October 24, 2023 at 11:00 AM - 12:00 PM
Can we accelerate convergence of gradient descent without changing the algorithm — just by optimizing stepsizes? Surprisingly, we show that the answer is yes. Our proposed Silver Stepsize Schedule optimizes strongly convex functions in $k^{\log_p 2} = k^{0.7864}$ iterations, where $p=1+\sqrt{2}$ is the silver ratio and $k$ is the condition number. This is intermediate between the textbook unaccelerated rate $k$ and the accelerated rate $\sqrt{k}$ due to Nesterov in 1983. The non-strongly convex setting is conceptually identical, and we obtain an analogous accelerated rate $\eps^{-\log_p 2} = \eps^{-0.7864}$. We conjecture and provide partial evidence that these rates are optimal among all possible stepsize schedules.

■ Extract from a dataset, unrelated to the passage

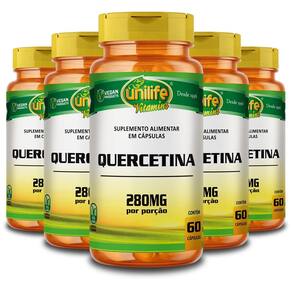 Kit 5 quercetina unilife 60 cápsulas Quercetina é um flavonoide derivado de planta, isolado de cebolas, maçãs, uvas, vegetais folhosos e chás, principalmente do chá verde camélia sinensis . É geralmente conhecido por suas propriedades antioxidantes e anti- inflamatórias. Modo de ingestão: sugere-se a ingestão de 2 cápsulas ao dia. Ingerir com líquido. Ingredientes: quercetina, celulose, antiumectante dióxido de silício. Cápsula: gelatina vegetal e água purificada. Peso total de cada cápsula: 310mg. Livre de lactose. Não contém glúten. Produto vegano. Marca: Não Informado Ean: 7908609548806
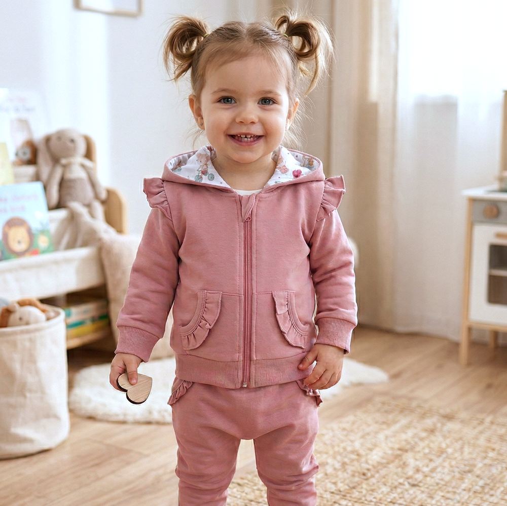 Fermoarul fără nichel este sigur și confortabil pentru utilizarea zilnică. Eticheta aplicată reduce riscul iritațiilor pielii. Croiala clasică permite combinarea ușoară cu pantaloni, colanți sau blugi, creând un outfit versatil pentru acasă, grădiniță sau joacă în aer liber.

The Silver Stepsize Schedule is an explicit non-monotonic fractal. Why should such stepsizes help? The core intuition is “hedging” between individually suboptimal strategies — short steps and long steps — since bad cases for the former are good cases for the latter, and vice versa. Properly combining these stepsizes yields faster convergence due to the misalignment of worst-case functions. This talk is based on joint work with Pablo Parrilo that publishes and extends my 2018 Master’s Thesis — which established for the first time that judiciously chosen stepsizes can enable accelerated convex optimization. Prior to this thesis, the only such result was for the special case of quadratics, due to Young in 1953.
Jason Altschuler
Assistant Professor of Statistics and Data Science, UPenn Wharton
Jason Altschuler is an Assistant Professor at UPenn in the Department of Statistics and Data Science, with a secondary appointment in the Department of Computer Science. Previously, he received his undergrad degree from Princeton and his PhD from MIT, where he received the Sprowls Award for the best MIT thesis in AI & Decision Making. His research is at the interface of optimization, probability, and machine learning, with a focus on the design and analysis of large-scale optimization algorithms.